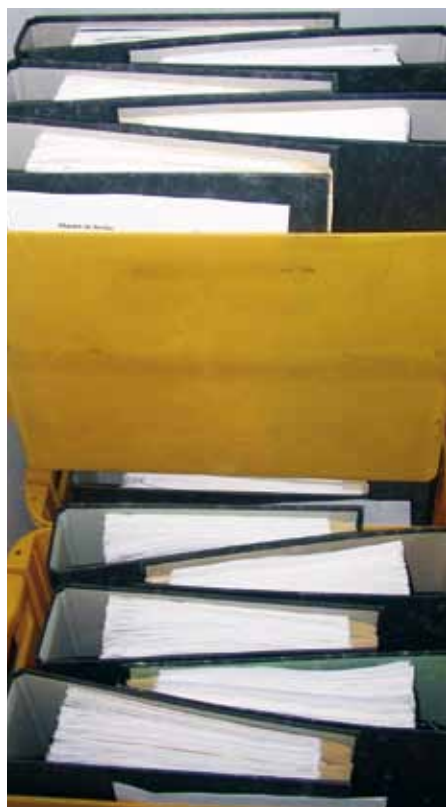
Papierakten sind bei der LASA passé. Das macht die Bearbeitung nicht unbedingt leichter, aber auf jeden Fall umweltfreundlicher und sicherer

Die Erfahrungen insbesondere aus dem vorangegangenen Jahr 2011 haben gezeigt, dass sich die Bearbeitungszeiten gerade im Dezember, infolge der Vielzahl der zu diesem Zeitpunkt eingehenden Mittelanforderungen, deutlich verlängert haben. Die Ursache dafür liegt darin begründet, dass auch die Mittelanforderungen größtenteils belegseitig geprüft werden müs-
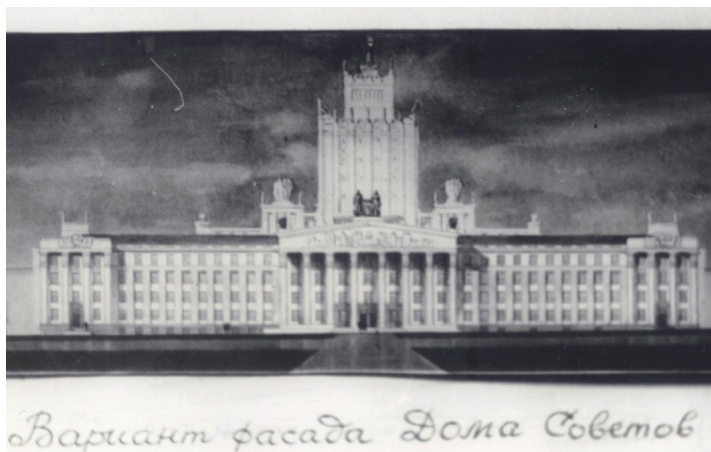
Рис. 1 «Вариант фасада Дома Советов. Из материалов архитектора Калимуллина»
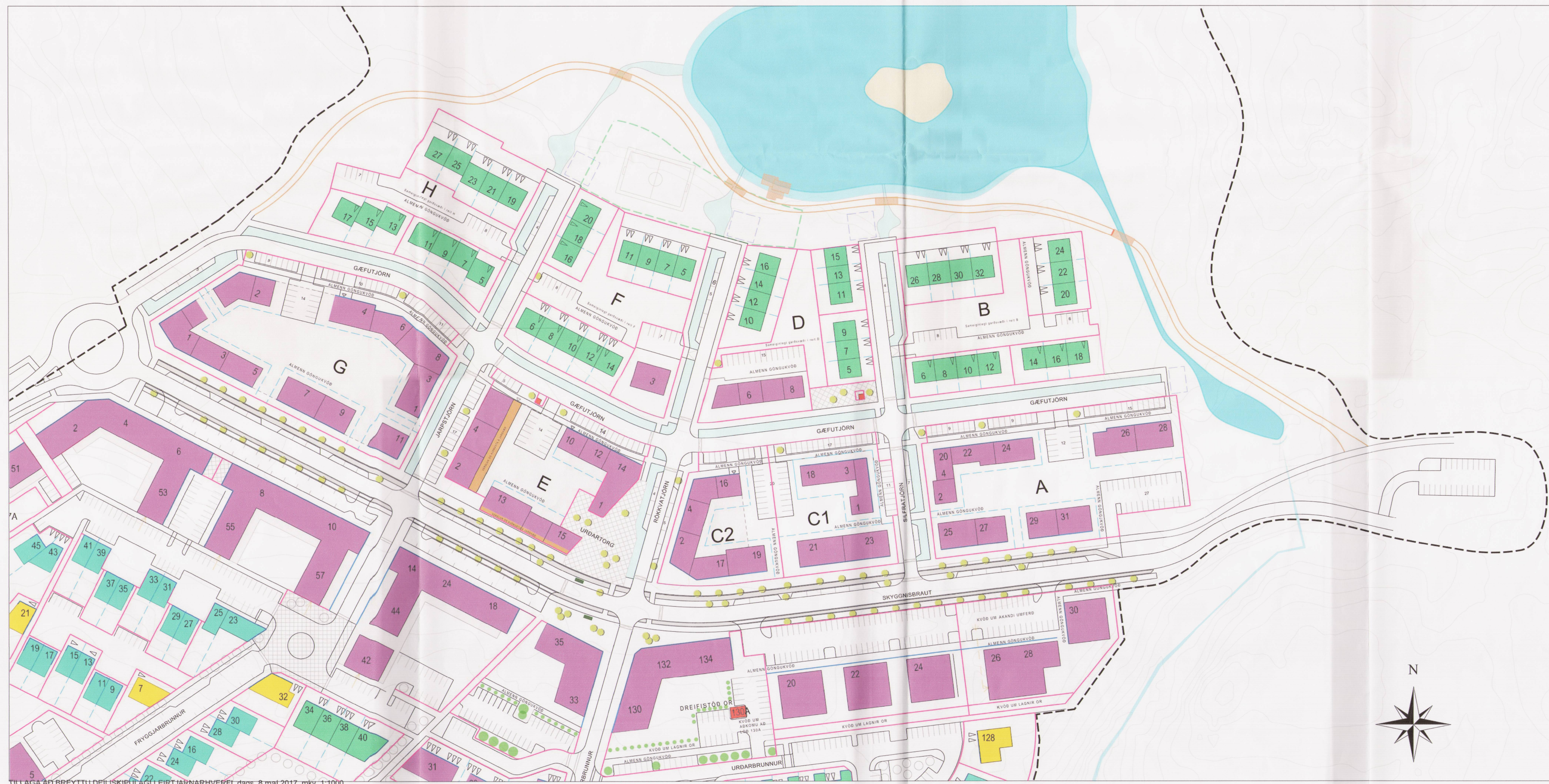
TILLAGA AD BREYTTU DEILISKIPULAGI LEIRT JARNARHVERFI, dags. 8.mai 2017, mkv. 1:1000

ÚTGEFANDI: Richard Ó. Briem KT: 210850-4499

::::

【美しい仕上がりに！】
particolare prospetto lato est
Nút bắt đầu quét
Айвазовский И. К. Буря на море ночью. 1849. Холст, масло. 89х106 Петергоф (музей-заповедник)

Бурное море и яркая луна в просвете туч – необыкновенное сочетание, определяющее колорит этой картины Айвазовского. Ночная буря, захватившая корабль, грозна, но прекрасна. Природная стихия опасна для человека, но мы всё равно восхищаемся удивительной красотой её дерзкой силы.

::::

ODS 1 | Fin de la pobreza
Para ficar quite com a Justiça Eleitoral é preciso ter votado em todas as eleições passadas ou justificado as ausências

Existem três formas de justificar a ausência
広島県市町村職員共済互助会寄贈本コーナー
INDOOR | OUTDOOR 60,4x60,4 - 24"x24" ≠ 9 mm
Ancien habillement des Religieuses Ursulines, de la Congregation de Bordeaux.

::::

## Work item
Only the number should be given: the count of lines above that hold the word "море".

## Answer box
2